基本型のSNSは、この三つの中でも、最も規模を広げやすいタイプである。理由はいたって簡単。対象ユーザーの範囲が広く、友達づくりの動機も比較的はっきりしているためである。

だが、濃密な人間関係、ネットワークが存在すれば、マーケティングの精度も当然増す。この点で言えば、基本型のSNSは好ましくない、ということになる。気楽に友達づくりができ、緩やかなネットワークを志向するだけに、ビジネス面からみればSNSとしての特徴が稀薄となり、「伝統的なコミュニティサイト」といった次元にとどまっているからである。

一部のSNSは、ごく普通のコミュニティサイトに比べても内容的に見劣りする。
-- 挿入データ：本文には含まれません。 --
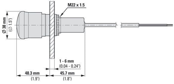 EATON INDUSTRIES - Pulsante d'emergenza/off, fungo 38 mm, sblocco trazione, 2 NC, cavo nero estremità aperta, 4 poli, 3,5 m, C22-PV-K02-P65 P.EMER.38 SB.TRAZ.2NC 3,5. 185170
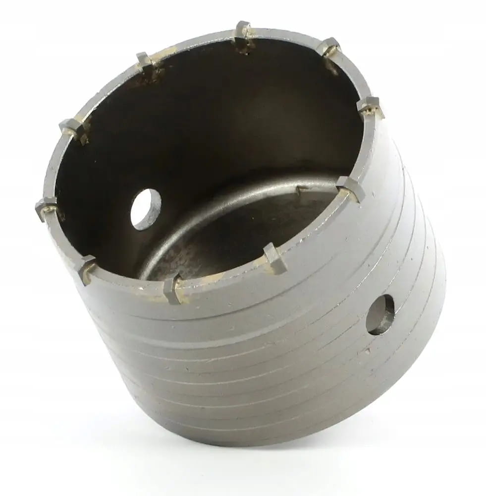 ▶ Solidna koronka wiertnicza z widią. Metalowa część konstrukcyjna została wykonana ze stali.
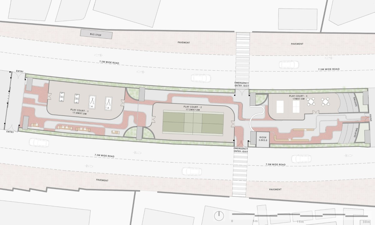At the heart of the project lies a strong commitment to urban equity. The idea that beauty, dignity, and well-designed public spaces should be accessible only to a select few is challenged head-on. By activating the underside of the flyover—a typology typically associated with neglect—the project raises a larger civic question: Why should high-quality public spaces and recreational environments be confined to privileged zones? Why should the everyday urban experience be compromised for the majority? Through its sensitive design choices, the intervention positions itself as a counterpoint to this disparity, arguing that inclusive spaces can and should emerge from the most unexpected corners.
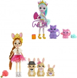 Potopite se v čarobno kraljestvo Enchantimals, kjer ima vsaka lutka svojega živalskega spremljevalca in dolgotrajna prijateljstva. Ta paket ponuja dve možnosti: Cambrie Cow s kravico Ricotto in dvema teličkoma ali Dinah Duck z račko Slosh in tremi majhnimi račkami. Vsaka lutka ima odstranljiva oblačila in čeveljce, kar omogoča kreativno stiliranje med igro.
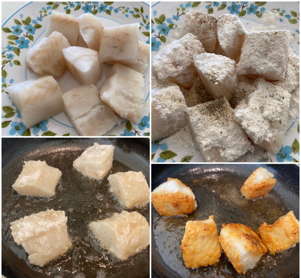 - Cut cod in thick pieces. Rub salt, pepper and all purpose flour on the fish.
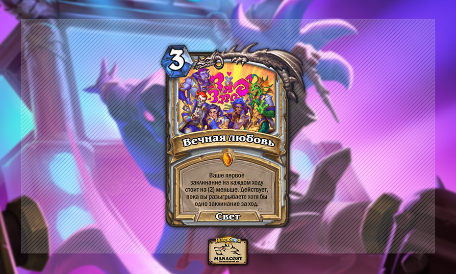Эта карта кажется одной из самых сложных для оценивания, но очень многие игроки пророчат ей большую роль в мете. Если в вашей колоде есть много заклинаний, Вечная любовь является рампом Друида — Буйством природы или Даром природы, причем ваш максимум маны становится равен 12 кристаллам. Это, конечно, далеко не Гафф Вольное Сердце, но тоже звучит довольно интересно.
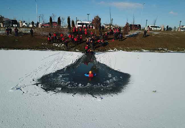 Eskişehir'de, İl Afet ve Acil Durum Müdürlüğü (AFAD) tarafından, akarsu, göl ve barajlarda oluşan buzun üzerinde yürümenin güvenli olmadığı konusunda farkındalık oluşturmak ve buz kazalarının önlenmesi amacıyla tatbikat gerçekleştirildi.
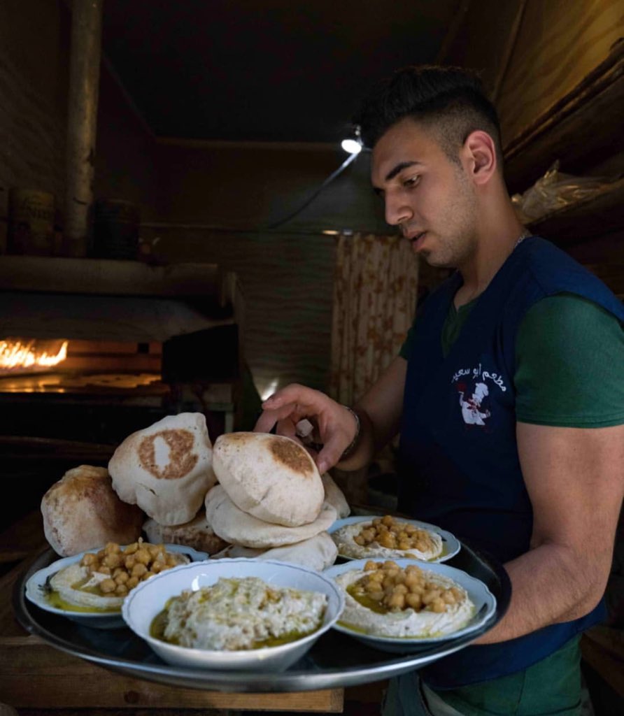Mahmood Darwish sorting deliveries of fresh #hummous straight from the restaurant and hot bread from the baker in #Tripoli, #Lebanon. 📷 @iamshaima #tastelebanon #streetfood
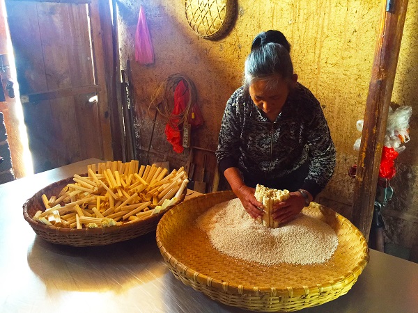 在施甸縣有臘八節熬麥芽糖做糖瓜的習俗,綿軟的麥芽糖反復扯拉,再裹上層層芝麻,待小年之時用來祭灶,以祈禱新年日子甜甜蜜蜜、平平安安。(施霽 攝)
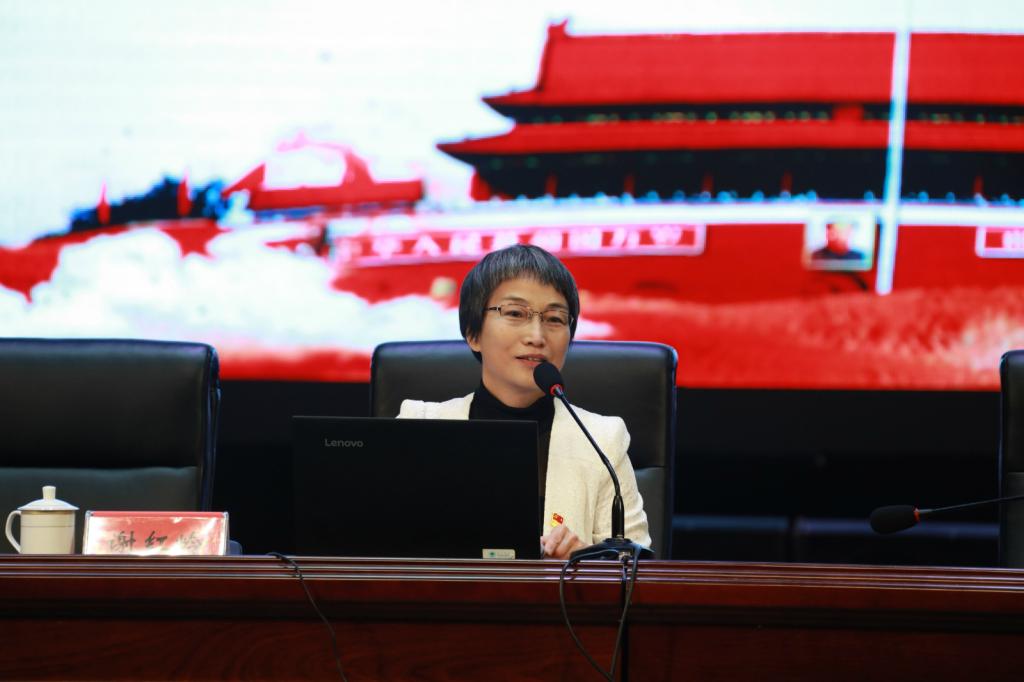 谢红岭教授以《铸牢中华民族共同体意识,推进国家统编教材使用和国家通用语言文字教育》为题,她结合工作、研究和生活实际,从民族问题和民族工作怎么看为切入点系统分析了“多元一体”“两个结合”等概念的深层含义,阐述了铸牢中华民族共同体意识的重大意义,并从加强领导、统一思想认识、完善配套方案、强化师资保障、拧紧责任链条、做好政策解读等方面详细介绍了新时代民族工作“怎么办”。
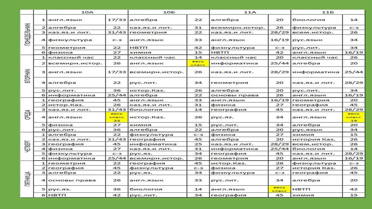 Сабақ кестесі
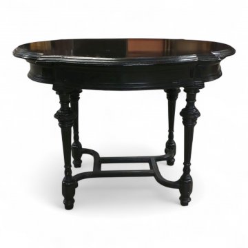 Tisch, schwarz lackiert, oval, Profilkante, Beine gedrechselt, Stegverbindungen geschwungen, L90xB63xH65
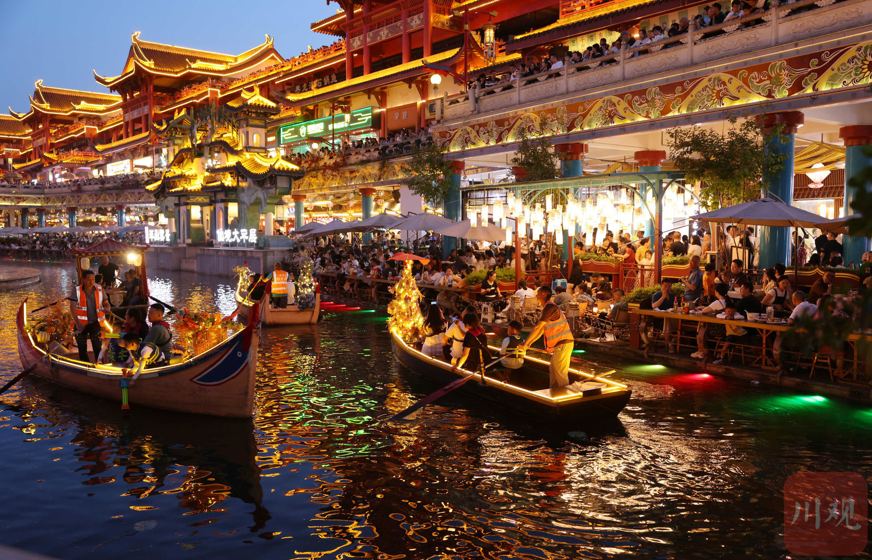 眉山市东坡区穿越盛世古街灯火璀璨,游人众多。视觉签约摄影师 姚永亮
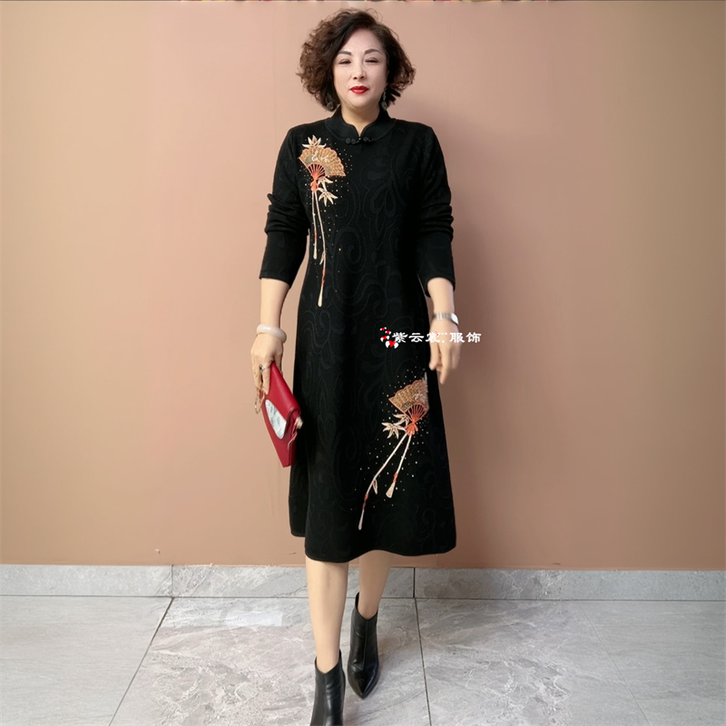 妈妈洋气旗袍连衣裙中年女秋冬装中长款打底衫中老年国风毛衣裙子
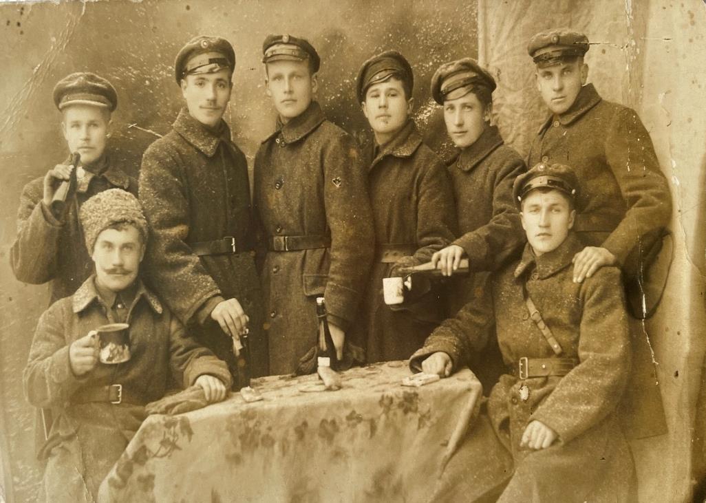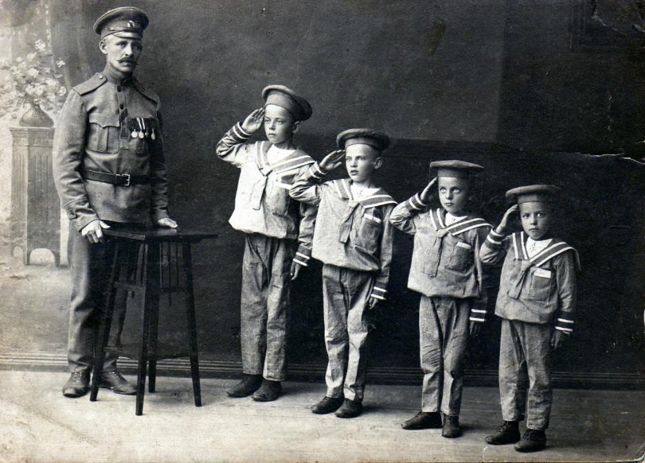 Nuotrauka daryta 1915–1916 metais tuometiniame Mitau (Mintauja, dab. Jelgava) mieste, Latvijoje, ten išvykusi prieš Pirmąjį pasaulinį karą mano proprosenelio šeimyna ieškojo geresnio gyvenimo. Nuotraukoje pirmas iš kairės stovi mano proprosenelis Augustas Žvirblis (1880–1955), apsi-rengęs karine uniforma, papuošta ordinais.
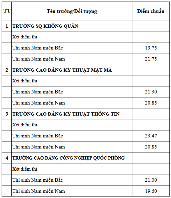 5. Căn cứ vào điểm chuẩn trên, các trường tổ chức công bố điểm trúng tuyển, danh sách thí sinh trúng tuyển và triệu tập thí sinh trúng tuyển nhập học theo quy định của Ban Tuyển sinh quân sự Bộ Quốc phòng.
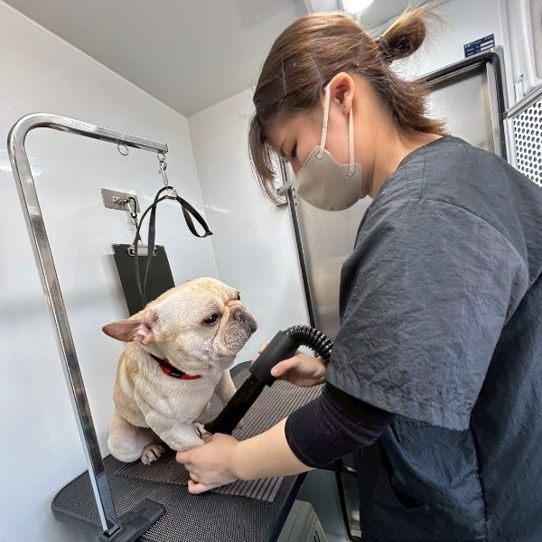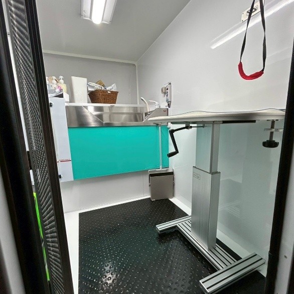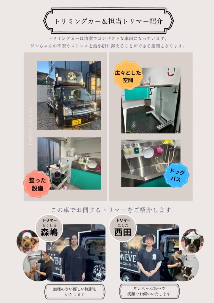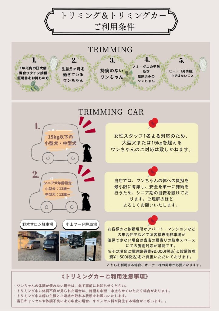 新車のトリミング専用車両で毎回トリミング終了時に使用した場所・道具の掃除や消毒を徹底しています。
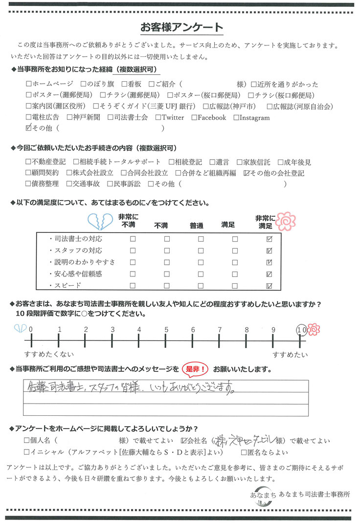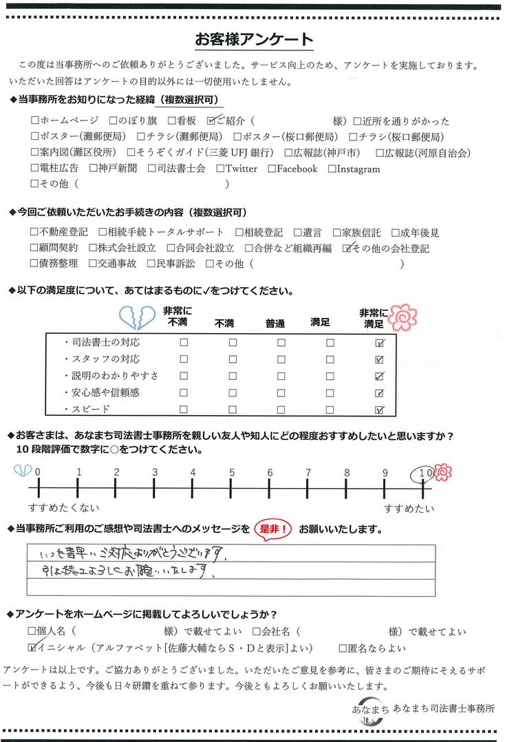 当事務所のサービスに感動いただき、誠にありがとうございます。
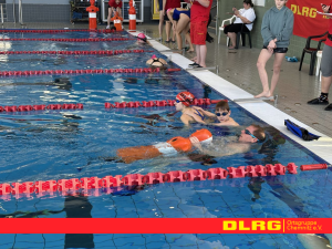 Der Wettkampftag startete mit einem dynamischen Mix aus Technik und Teamarbeit. In der anspruchsvollen Rettungsstaffel kam es auf jede Sekunde und perfekte Übergaben an, während beim Rettungsball-Zielwerfen Konzentration und Fingerspitzengefühl gefragt waren. Dass Rettungssport auch eine ordentliche Portion Humor verträgt, bewiesen die kreativen Sonderdisziplinen: Ob bei der „Nudelkette“ oder dem ungewohnten Fußwärtspaddeln – der sportliche Ehrgeiz war groß, das Lachen am Beckenrand jedoch mindestens genauso laut.
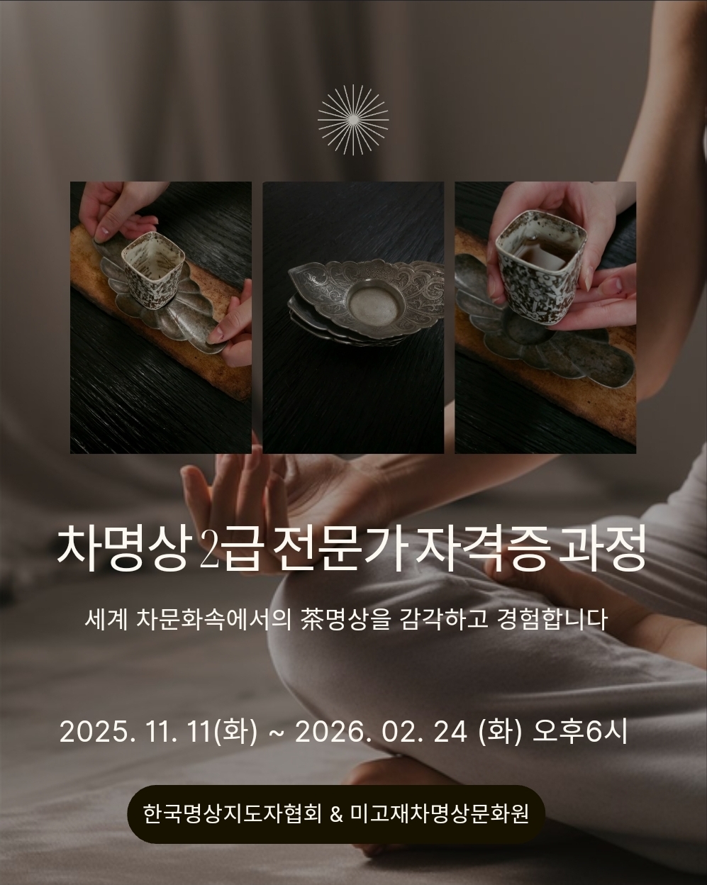 차명상의 수행적 기초를 다지는 입문 단계로, 실습 중심의 명상교육 과정을 통해 차를 매개로 한 문화적 맥락과 경험 속에서 일상의 순간을 수행의 장(場)으로 전환하는 실천 역량을 기릅니다.

このようなサイトが「新型SNS」になる可能性はない。むしろインターネットの持続的な発展のなかで、伝統型の応用としての方向性を模索するだろう。

しかし未来を切り開く新奇性がないからといって、現段階でビジネスにならないとも言えない。それどころか、基本型のSNSは、経営面からみれば上記三つのタイプの中で、最もうまく経営されているということができる。

「人間関係のネットワーク化」と「実名登録制」の導入は困難

第2の型である関係志向型SNSにとっても、規模はもちろん求められる(三つのどのタイプにとってもスケールメリットは重要かつ不可欠のものである)。だが、このタイプがもつ最大の特徴は、前述の(2)と(3)の実現可能性、つまり濃密な人間関係に裏打ちされた精密なマーケティングを可能ならしめるという点である。

こうしたWebサイトは大なり小なり「Facebook」の中国における複製品と言え、従って最もSNSとして備えるべき特徴を持っているとも言える。現在各SNSが例外なく始めているのが、実際の人間関係のネットワーク化と実名登録制である。

だが、両者とも決して実現しやすいことではなく、むしろ今のところはほとんど実現のメドが立っていないと言うべき状況にある。これは、現在の中国におけるネットワーク社会の発展段階と密接につながっている。

現実社会において人間関係をネットワーク化したり、実名登録制にしたりするのは簡単である。だが、SNSで実現するには立ちはだかる壁があるのだ。

それは、中国人のインターネットに対する考え方、中国の国情に照らし、そぐわない点があるからに他ならない。中国のユーザーはまだ、ネットを信頼して使うことに慣れていない。ネットワーク上で人間関係を切り開くというのは、理屈上では有り得ても、真実の情報がどれだけあるのかといえば、これまたかなり心もとない、と考える人が多い。

このような背景があるからこそ、関係志向型を目指すSNSが、基本型SNSに近づいてゆくのだ。関係志向型SNSについては、中国では、徐々に温められ、育てられるべきものである。その冗長とも言うべき発展速度が、実は中国の国情に合ったものなのだ。決して、速過ぎてはならない。当然このような状況であるから、関係志向型SNSの市場価値は、当面下降線をたどるであろう。